## [EXERCISE PROMPT]
Nothing but the lines from the one holding "Victron 12V 60A" through the last line of the material below should be set down, exactly and without images.
(INPUT DATA Opens)
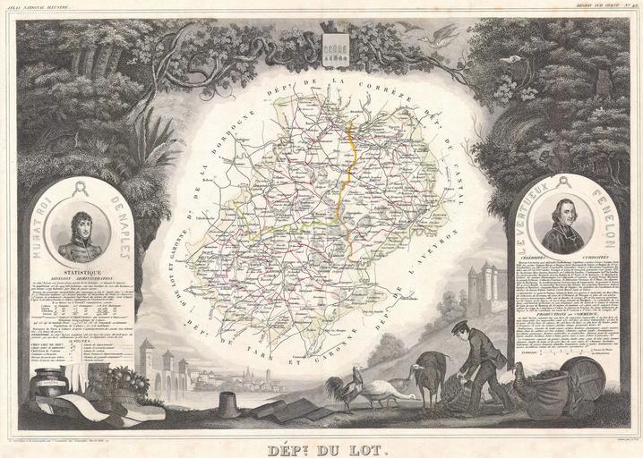 Keywords: 1847 Levasseur Map of the Dept. Du Lot, France - Geographicus - Lot-levasseur-1847.jpg This is a fascinating 1847 map of the Department du Lot France This region is known for its agriculture distilled spirits wines and fine hunting The capital is Cahors Cahors wines are rich reds excellent with duck This area is also an important stopping point on the historic Chemin du St Jacques or the mediaeval pilgrimage route to Santiago de Compostella The whole is surrounded by elaborate decorative engravings designed to illustrate both the natural beauty and trade richness of the land There is a short textual history of the regions depicted on both the left and right sides of the map 1847 Size in 17 5 12 5 object history credit line accession number Lot-levasseur-1847 Geographicus-source PD-old-100 1847 maps France Old maps of Lot Coats of arms of cities in Lot Cahors Joachim Murat France François Fénelon France Engravings of animals Maps in French France Victor Levasseur - Maps of France France Animals on maps |
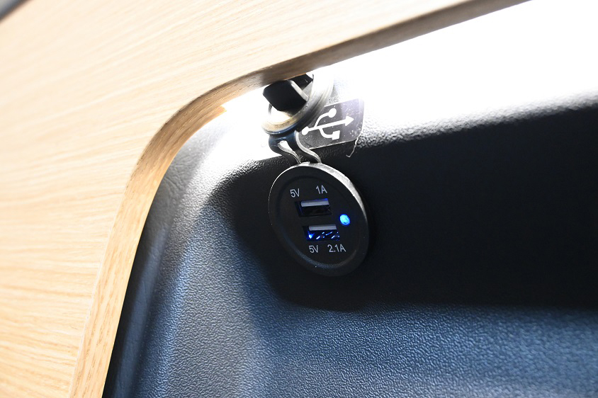 サブバッテリーの他、後席には合計5か所のUSBポートを設置
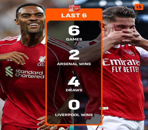 数据显示,双方近6次交锋,阿森纳取得2胜4平的战绩。也就是说,利物浦近6次与阿森纳的交锋中,未尝胜绩。
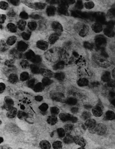 Figure 1. Hodgkin’s (B cell) lymphoma of the lung. Arrows point to a rare collection of intracellular variably staining coccoid forms. MacCallum-Goodpasture Gram stain, magnification x1000, in oil.
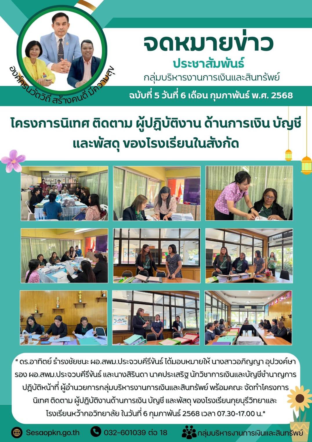 ดร.อาทิตย์ ธารงชัยชนะ ผอ.สพม.ประจวบคีรีขันธ์ได้มอบหมายให้ นางสาวอภิญญา อปวงค์ษา รอง ผอ.สพม.ประจวบคีรีขันธ์ และนางสิรินดา นาคประเสริฐ นักวิชาการเงินและบัญชีชำนาญการปฏิบัติหน้าที่ ผู้อำนวยการกลุ่มบริหารงานการเงินและสินทรัพย์ พร้อมคณะ จัดทำโครงการนิเทศ ติดตาม ผู้ปฏิบัติงานด้านการเงิน บัญชี และพัสดุ ของโรงเรียนกุยบุรีวิทยา และโรงเรียนหว้ากอวิทยาลัย ในวันที่ 6 กุมภาพันธ์ 2568 เวลา 07.30-17.00 น.
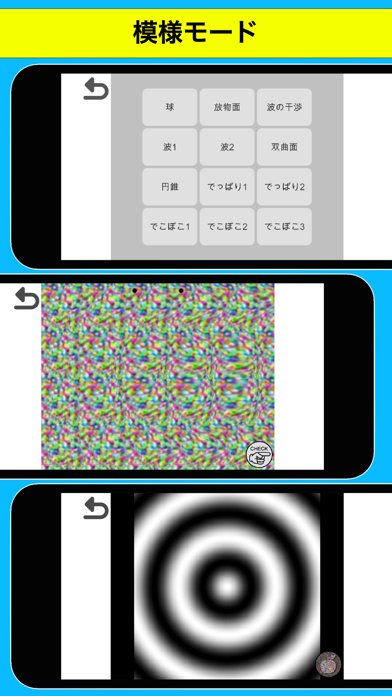 - 乱雑な絵から模様が浮かび上がる不思議体験。目が鍛えられる効果もあり
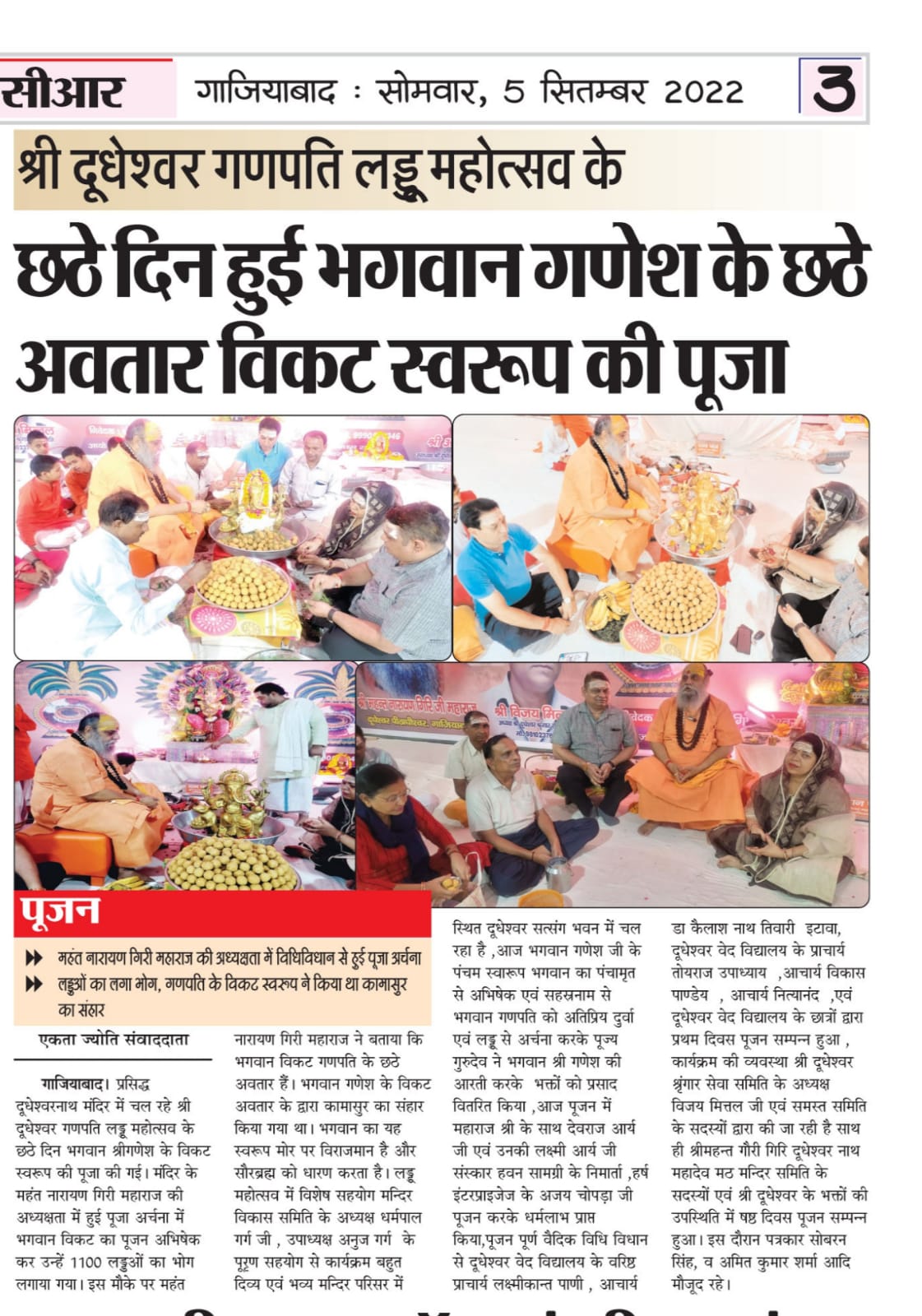 आज सिद्धपीठ श्री दूधेश्वर नाथ महादेव मठ मन्दिर गाजियाबाद उत्तर प्रदेश में श्री दूधेश्वर गणपति लड्डू महोत्सव का भव्य उत्सव चल रहा है जिसमें आज षष्ठ स्वरूप भगवान विकट स्वारूप का अभिषेक पूजन किया गया ,
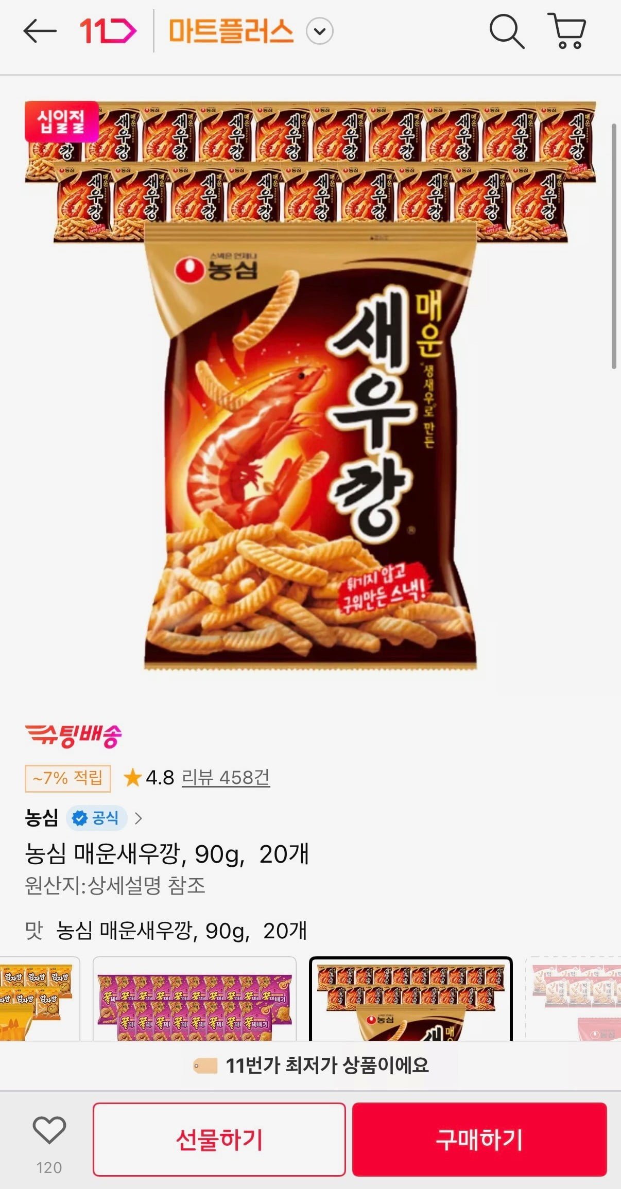 [11번가]농심 매운새우깡 90g 20개 (티멤 16,860원/무료)
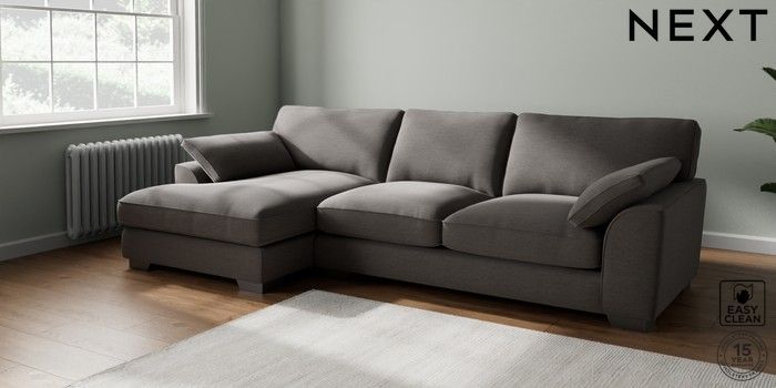 7.3.1 Buy Stamford Grand Relaxed Sit Large Sofa Chaise - Left Hand Fine Chenille Easy Clean Dark Smoke Grey Large Square Angle - Gunmetal from the Next UK online shop Click here to use our accessible website
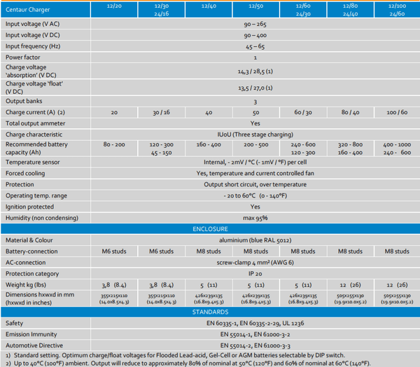 Victron 12V 60A Multi-Bank Centaur 12/60 (3) Uin 90-265VAC/45-65Hz Battery Charger
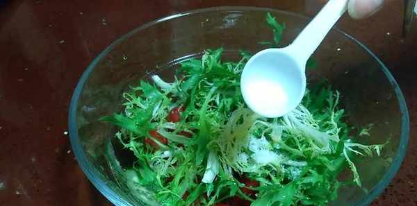 1清洗蔬菜方法,水龍頭下沖洗幾遍,然後放入清水中加入少許鹽浸泡3-5分鐘,再次沖洗幹凈
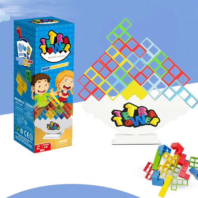 Tetra Tower Game Stacking Blocks Stack Building Blocks Balance Puzzle Board Assembly Bricks Kids Puzzle Creative Interactive Game Toys
(INPUT DATA Closes)
## [RESPONSE TO THIS EXERCISE]
 Victron 12V 60A Multi-Bank Centaur 12/60 (3) Uin 90-265VAC/45-65Hz Battery Charger
 1清洗蔬菜方法,水龍頭下沖洗幾遍,然後放入清水中加入少許鹽浸泡3-5分鐘,再次沖洗幹凈
 Tetra Tower Game Stacking Blocks Stack Building Blocks Balance Puzzle Board Assembly Bricks Kids Puzzle Creative Interactive Game Toys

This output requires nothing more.